_What to do_. Exactly and only the lines from the first entry through the line with "Sila PRO PolyPlus - эффективный" should be copied, both ends included, with no pictures.

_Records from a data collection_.
..........
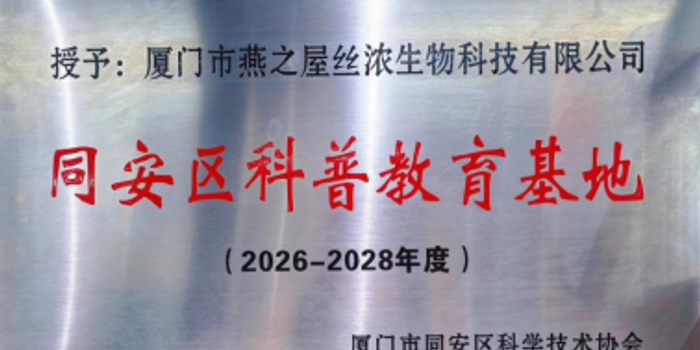 现在,这些问题的答案,您都可以亲眼见证。近日,经严格评审,我司被授予成为“同安区科普教育基地”。这一资质的获得,不仅是对燕之屋长期致力于燕窝科研创新与知识普及工作的权威认可,更标志着企业从“产品制造者”到兼具“科技传播职能”的升级,积极推动燕窝行业的高质量发展与中式滋补文化的广泛传播。同时,这还是一份面向所有消费者的公开邀请函——邀请您走进燕之屋,从源头到成品,亲身感受、亲眼验证一碗高品质燕窝背后的科技与匠心。
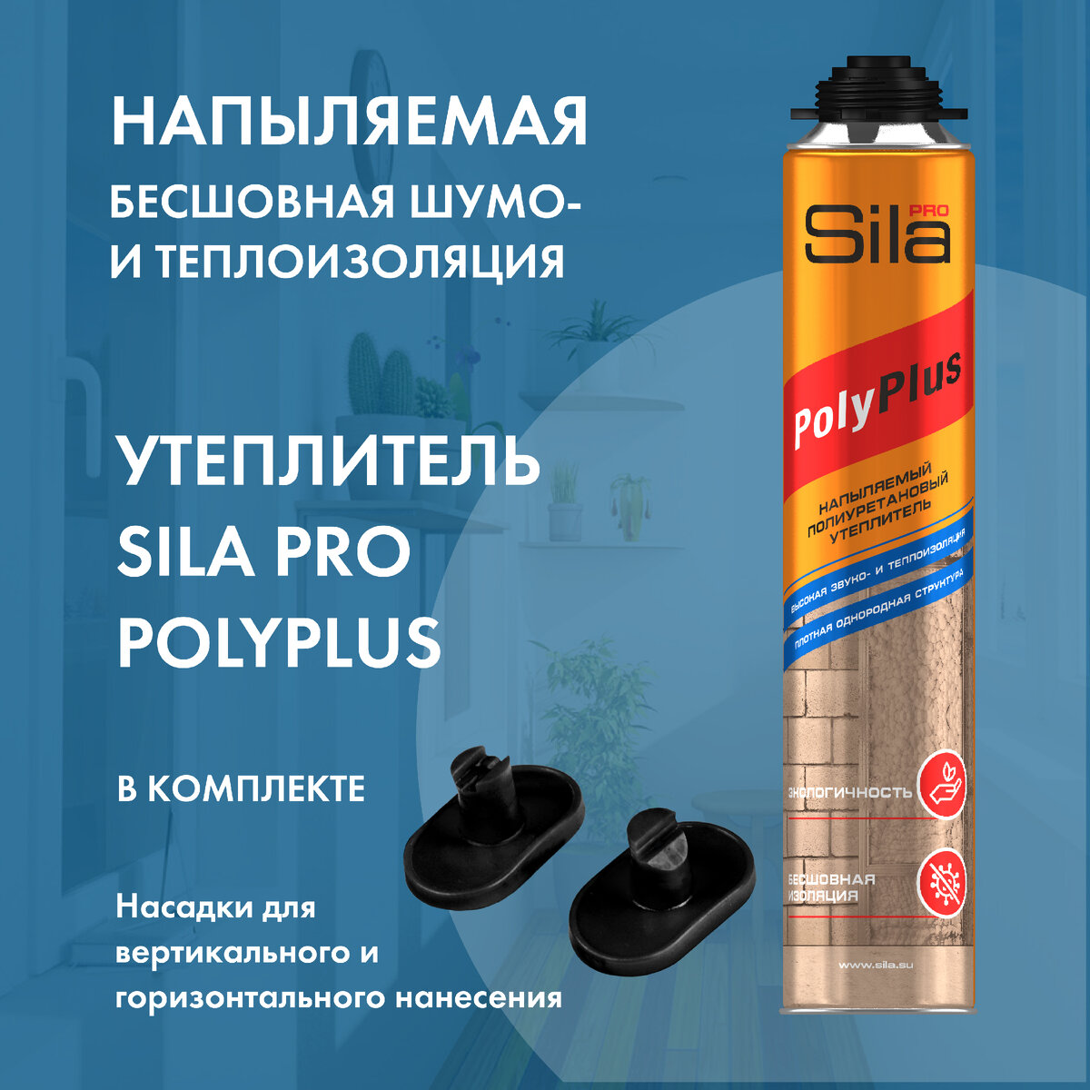 Sila PRO PolyPlus - эффективный утеплитель с минимальной плотностью, наименьшей теплопроводностью, низкими показателями влагопоглощения и паропроницаемости, способный надежно защитить от шума и проникновения холода. Используйте Sila PRO PolyPlus в комплексе с минеральной ватой, XPS, PIR или самостоятельно для утепления небольших помещений и геометрически сложных поверхностей с отрицательным наклоном, а также труднодоступных мест, где технологически тяжело применять листовые утеплители. Sila PRO PolyPlus подойдет для утепления труб и инженерных коммуникаций, ёмкостей, гаражей, кровли, лоджий и балконов, изоляции бассейнов и фургонов, утепления пола теплиц, фундамента, цоколя, подвала. Sila PRO Polyplus – сильное решение для утепления! Специальные условия на оптовые поставки напыляемого утеплителя Sila PRO Polyplus только для партнеров компании СтройСистема.
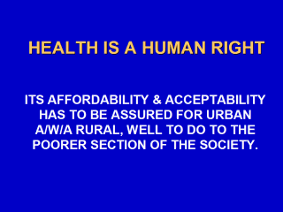Health is a human right, which has also been accepted in the constitution. Its accessibility and affordability has to be insured. While the well-to-do segment of the population both in rural & urban areas have acceptability and affordability to wards medical care, at the same time cannot be said about the people who belong to poor segment of the society. It is well known that more then 75% of the population utilizes private sectors for medical care unfortunately medical care becoming costlier day by day and it has become almost out of reach of the poor people. Today there is need for injection of substantial resources in the health sectors to ensure affordability of medical care to all. Health insurance is an important option, which needs to be considered by the policy makers and planners.
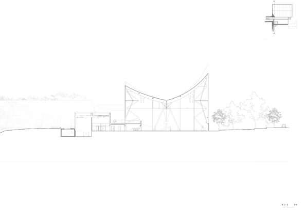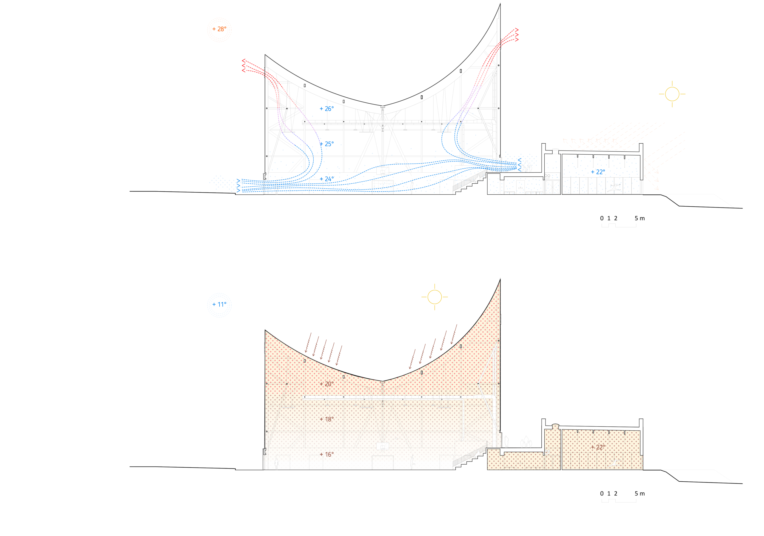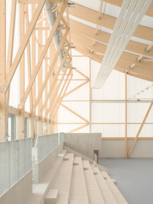 L’impianto architettonico si articola in due volumi distinti: a nord la grande sala multisport, destinata a competizioni di livello dipartimentale, e a sud il corpo compatto che accoglie gli spazi per danza e squash. La separazione funzionale corrisponde a una differenziazione costruttiva: da un lato un volume climatizzato e massivo, dall’altro una struttura leggera coperta da una membrana tessile tensionata, definita da quattro punti invertiti, che ottimizza il comportamento ambientale dell’involucro riducendo il surriscaldamento estivo.
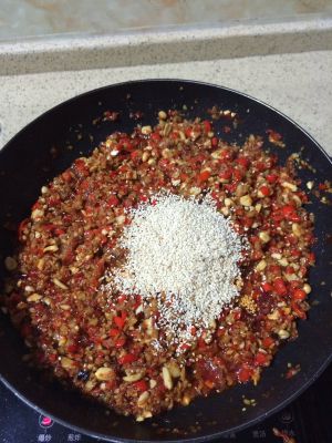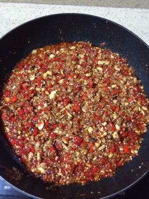 炒到小辣椒断生,有了一些炝味的时候放入辣酱、豆瓣酱以及适当的冰糖接着再炒。
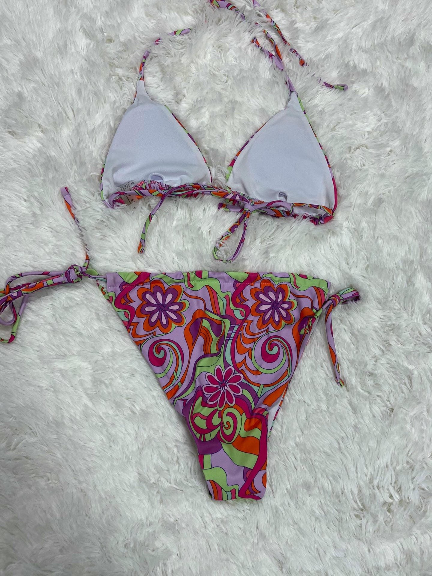 Sé el primero en valorar “Bikini malla trama floreada violeta y verde 2 piezas”
..........
_Result of the exercise_.
 现在,这些问题的答案,您都可以亲眼见证。近日,经严格评审,我司被授予成为“同安区科普教育基地”。这一资质的获得,不仅是对燕之屋长期致力于燕窝科研创新与知识普及工作的权威认可,更标志着企业从“产品制造者”到兼具“科技传播职能”的升级,积极推动燕窝行业的高质量发展与中式滋补文化的广泛传播。同时,这还是一份面向所有消费者的公开邀请函——邀请您走进燕之屋,从源头到成品,亲身感受、亲眼验证一碗高品质燕窝背后的科技与匠心。
 Sila PRO PolyPlus - эффективный утеплитель с минимальной плотностью, наименьшей теплопроводностью, низкими показателями влагопоглощения и паропроницаемости, способный надежно защитить от шума и проникновения холода. Используйте Sila PRO PolyPlus в комплексе с минеральной ватой, XPS, PIR или самостоятельно для утепления небольших помещений и геометрически сложных поверхностей с отрицательным наклоном, а также труднодоступных мест, где технологически тяжело применять листовые утеплители. Sila PRO PolyPlus подойдет для утепления труб и инженерных коммуникаций, ёмкостей, гаражей, кровли, лоджий и балконов, изоляции бассейнов и фургонов, утепления пола теплиц, фундамента, цоколя, подвала. Sila PRO Polyplus – сильное решение для утепления! Специальные условия на оптовые поставки напыляемого утеплителя Sila PRO Polyplus только для партнеров компании СтройСистема.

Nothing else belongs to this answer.